1.BÖLÜM/SEN KİMSİN YA!

12 0 0
                                    

-HAVİN-

Gözlerime gelen gün ışığı sayesinde yeni bir güne daha adım atmayı başardım. Yatakta doğrulup saf saf odamı incelerken evin içinde kopan gürültü ve arkasından gelen Deniz'in sesiyle yataktan fırladım hemen. Merdivenleri koştura koştura indikten sonra mutfağa daldım hemen. Ama karşımda gördüğüm manzara karşısında gülsem mi yoksa ağlasam mı bir karar veremiyordum açıkçası. Yerlerde yumurta kabukları, kırılmış cam parçaları ve tava duruyordu. Bütün bunların kötü bir kabus olmasını ümit ederek Deniz'e baktım. Bana şirince gülümsemekle meşgul olan sevgili ev arkadaşıma öldürücü bir sakinlikte bakarak konuya giriş yaptım.

HAVİN: Deniz bu mutfağın hali ne böyle? Bana 5 saniye içerisinde mantıklı bir açıklama yapmazsan kendine bir mezar kazman gerekebilir.

DENİZ: Havinciğim, benim biricik arkadaşım şimdi şöyle oldu. Ben hemen anlatıyorum sana ne olduğunu. Yani şimdi anlatıyorum bak.

Deniz kendini mutfaktan can havliyle dışarı atarken ben de arkasından koşturmaya başladım. Bir yandan evin içerisinde onu kovalıyorken bir yandan da bas bas bağırıyordum.

HAVİN: Gel buraya! Kaçma bak, yoksa daha fena olacak ona göre. Deniz! Gel dedim!

DENİZ: Hayatta gelmem! Şuan öfkeden deliye dönmüş gibisin. Vallahi gelmem ya! Benim canım tatlı bir kere!

HAVİN: Deniz diyorum! Hem nereye kadar kaçacaksın acaba sorabilir miyim? Aynı evde yaşıyoruz bilmiyorum farkında mısın?

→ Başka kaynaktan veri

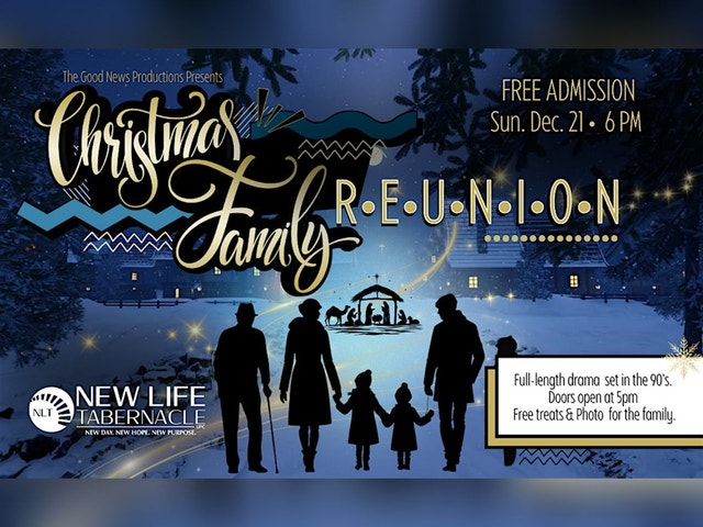 A Christmas Family Reunion A full length play presented by Good News Productions The Holidays have hit Waysbury and the Jones family are doing what they do best – cooking too much food, talking way too loudly, singing every Christmas carol known to man, and dragging every relative into one house whether they like it or not. Reimagined in the nineties, this unique twist on the classic story A Christmas Carol, will follow the lives of two estranged sisters Noelle and Grace. Noelle, hardened by ambition and worldly success, returns to the gathering more out of obligation than warmth. She dreads having to spend another year with her needy and boisterous family, not to mention her “Holier than thou” sister Grace. Grace, a faithful woman with a tender heart, hopes the season might bring reconciliation and healing. Exploring themes of memory, redemption, and the battle between worldly desire and eternal truth, a heartfelt Christmas story that is guaranteed to resonate deeply with audiences and invites you to reflect on where your path is leading you. Doors open at 5pm with free photo backdrops, hot cocoa and treats. All ages are welcome.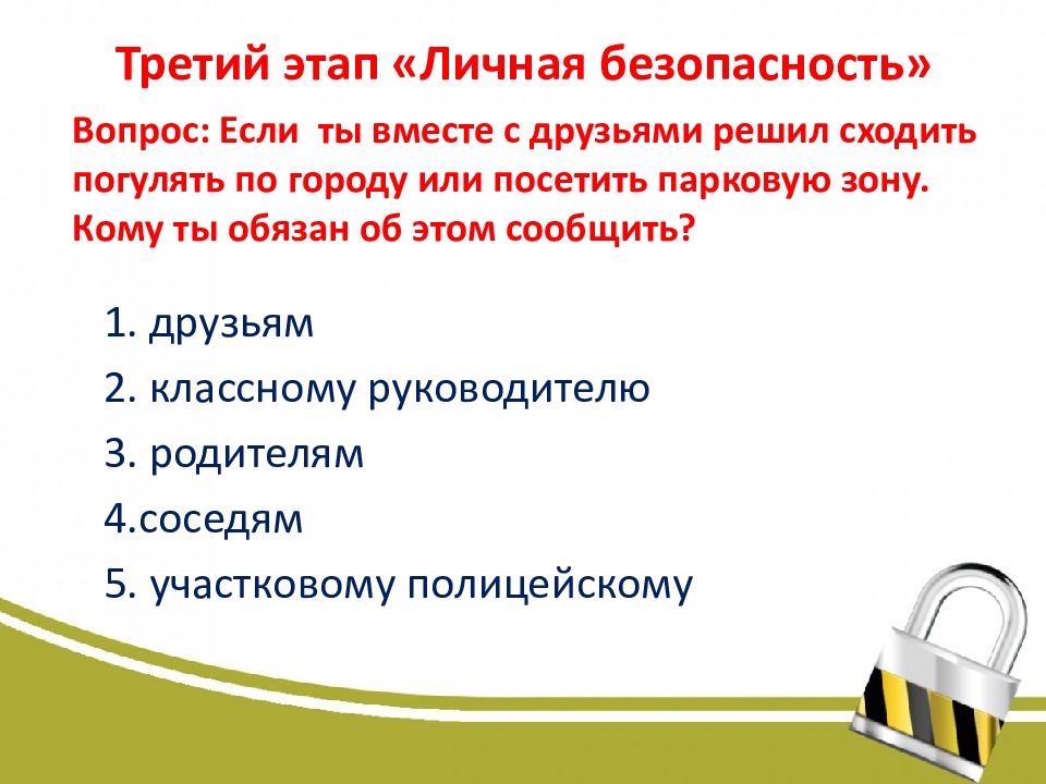 1. друзьям 2. классному руководителю 3. родителям 4.соседям 5. участковому полицейскому Третий этап «Личная безопасность» Вопрос: Если ты вместе с друзьями решил сходить погулять по городу или посетить парковую зону. Кому ты обязан об этом сообщить?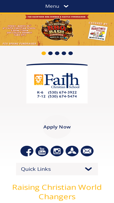 99%faith christian school (fcs) is an independent, non-denominational christian school in yuba city, california. established in 1975, the school is housed on two campuses and serves 300-400 kindergarten through 12th grade students and their families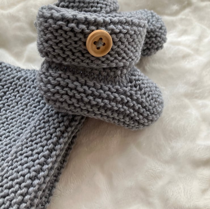 Hand knitted baby boy’s coming home/matinee set. I have knitted this little set in a mid-grey coloured pure merino wool, which is beautifully soft and warm for your precious little one. The jacket and booties are finished with wooden buttons, and the hat is finished with hand made pom-poms. They have been knitted using garter stitch - a lovely stretchy stitch that allows for greater movement. Would make a great baby shower gift!
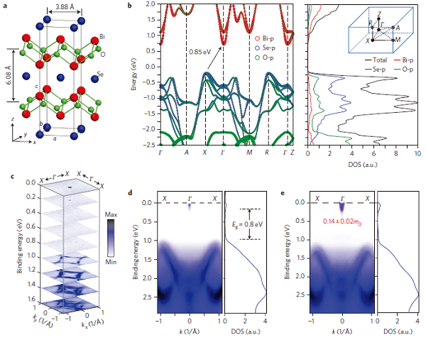 (e). 利用表面K-dosing提高化学位后,进行测试所得的导带的能带色散关系和态密度图,测试分析显示Bi2O2Se晶体具有较低的有效质量,仅为0.14±0.02m0。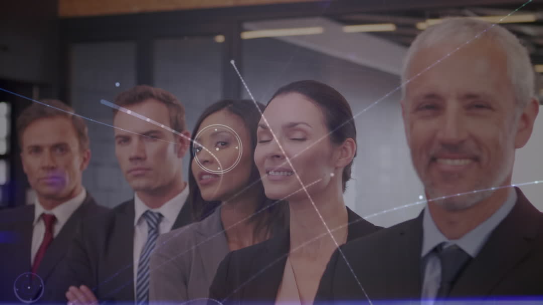 Business professionals with animated tech lines representing global connectivity inside an office space. Illustrates networking and teamwork in corporate environments, fitting for use in educational materials on technology, webinars, presentations on business and tech innovations, or corporate advertisements showcasing collaborative work culture.

DENİZ: Biliyorum bilmesine de şuan gelirsem beni öldürecek gibisin kızım. Nasıl kaçmayayım yani? Alt tarafı mutfağı dağıttım biraz yani. Benden kıymetli mi? Değil! Hem ben sana kahvaltı hazırlamak istediğim için dağıldı ortalık hani, kayıtlara geçilsin lütfen bu da. Aşk olsun yani!

HAVİN: Tamam! Tamam, yeter ki sus. Hiçbir şey yapmayacağım. Arkadaş bu ne çene ya? Bu nasıl bir konuşma aşkı? Yemin ediyorum bezdim ben, tükettin oğlum beni.

DENİZ: Havin...

HAVİN: Efendim Deniz? Efendim başımın belası? Söyle.

DENİZ: Tatlı bela ama kabul et.

HAVİN: Söyle hadi, söyle. Kıvranma karşımda daha fazla.

DENİZ: Çok acıktım ben. Hani sen beni kovalayıp durdun ya bir de. Normalin de üstüne çıktı yani şuan açlık seviyem. Sen o hamarat ellerinle bize güzeller güzeli bir kahvaltı mı hazırlasan acaba? Bence çok iyi fikir yani. Sence de öyle değil mi? Bence öyle.

HAVİN: Deniz! Bir sus da motorun soğusun ya Allah aşkına. Mutfağımdan uzak dur. Git salona sen, televizyon mu izliyorsun artık yani ne yapıyorsan onu yap. Ben de kahvaltıyı hazırlayayım. Sana seslenene kadar su içmek için bile olsa sakın mutfağa adım atayım deme. Gelirsen, ölürsün!

DENİZ: Emredersiniz komutanım!

Deli bu çocuk ya. Hayır yani ben şimdi bu mutfakta nasıl kahvaltı hazırlayayım ki of Deniz! İşe önce yerlerdeki çöpleri toplamakla başladım. Daha sonra kırılmış cam parçalarını süpürdüm. Tezgahın üzerinde bulunan çöpleri de attıktan sonra kahvaltıyı hazırlamaya başladım. En azından Deniz Bey kahvaltılıkları masaya yerleştirmeyi başarabilmiş yani bu da büyük bir yetenek sonuçta. Önce güzel bir peynirli omlet yaptım, yanında da salçalı sosisler. İşte bu kadar basit yani. Mutfaktan gelen kokulara dayanamayan Deniz Bey soluğu masada aldı tabi.

DENİZ: Allah'ım bu güzel kokular da ne böyle? Masaya bak arkadaş. Ya ben ne şanslıyım gerçekten. Böyle ev arkadaşına can kurban, can! Hem güzel, hem hamarat, eli de çok lezzetli. Seni alan yaşadı var ya!